- Exercise
Copy out the listing that follows, exact in every word, and skip the images.
Supplied information below:
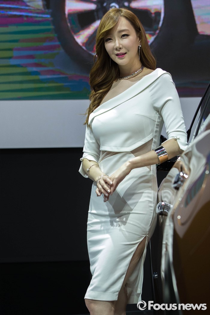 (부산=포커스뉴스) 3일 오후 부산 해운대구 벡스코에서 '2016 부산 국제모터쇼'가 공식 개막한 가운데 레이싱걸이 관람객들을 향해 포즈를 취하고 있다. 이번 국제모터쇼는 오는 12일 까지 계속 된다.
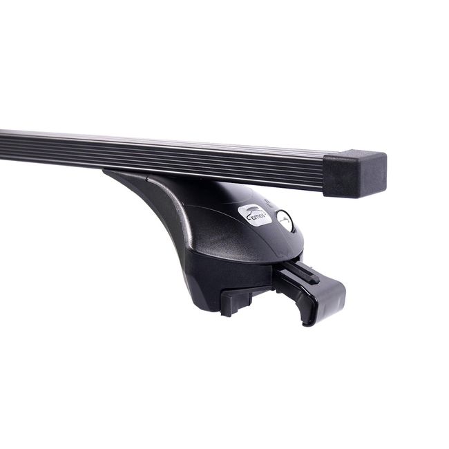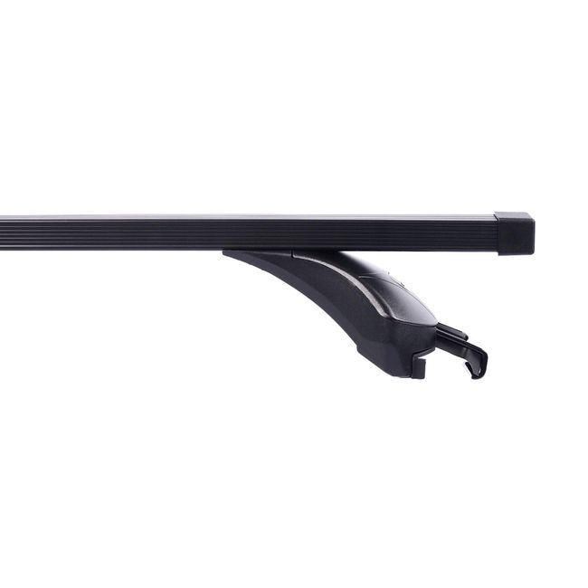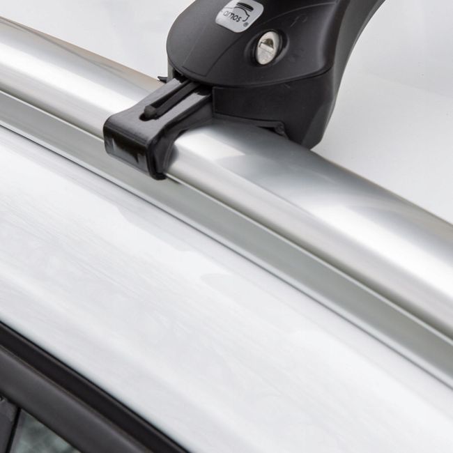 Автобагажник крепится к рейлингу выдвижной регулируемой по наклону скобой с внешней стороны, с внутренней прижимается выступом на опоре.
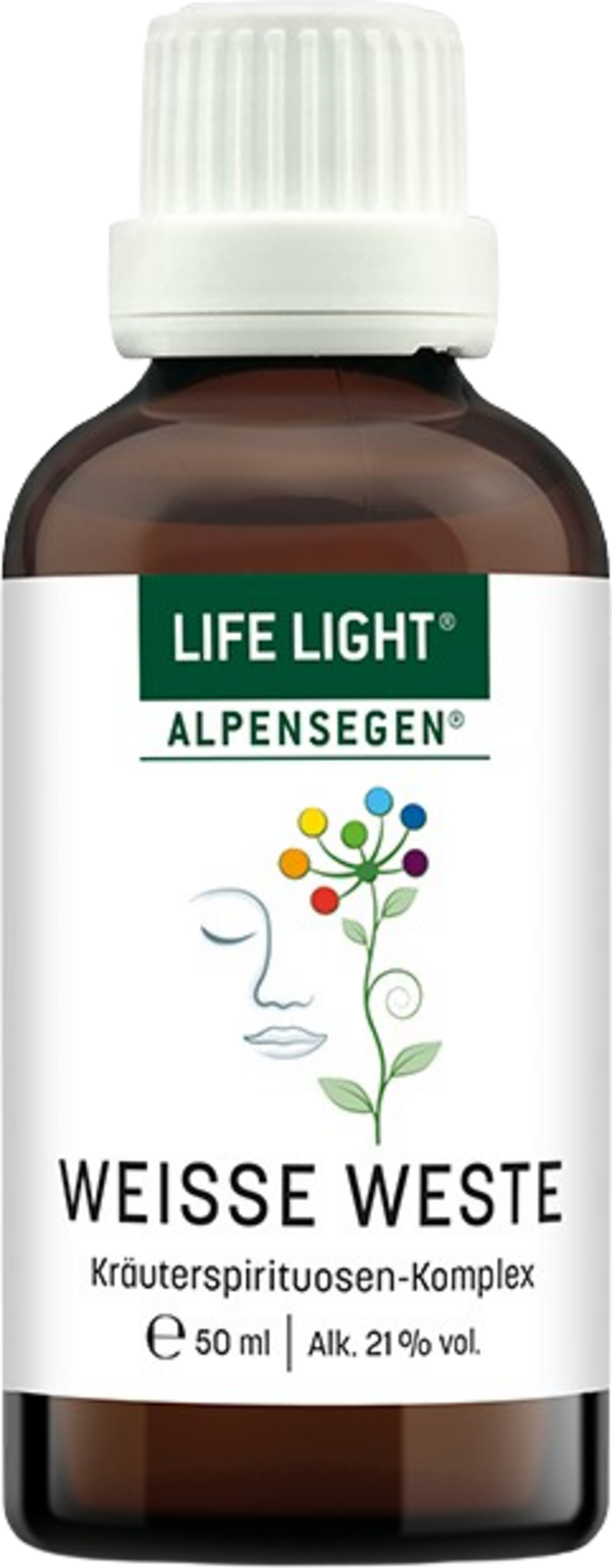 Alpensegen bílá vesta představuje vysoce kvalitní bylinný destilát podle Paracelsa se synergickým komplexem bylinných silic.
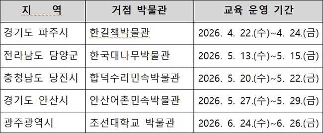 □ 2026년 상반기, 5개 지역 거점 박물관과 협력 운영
End of Supplied information.
- Answer to the exercise
 (부산=포커스뉴스) 3일 오후 부산 해운대구 벡스코에서 '2016 부산 국제모터쇼'가 공식 개막한 가운데 레이싱걸이 관람객들을 향해 포즈를 취하고 있다. 이번 국제모터쇼는 오는 12일 까지 계속 된다.
 Автобагажник крепится к рейлингу выдвижной регулируемой по наклону скобой с внешней стороны, с внутренней прижимается выступом на опоре.
 Alpensegen bílá vesta představuje vysoce kvalitní bylinný destilát podle Paracelsa se synergickým komplexem bylinných silic.
 □ 2026년 상반기, 5개 지역 거점 박물관과 협력 운영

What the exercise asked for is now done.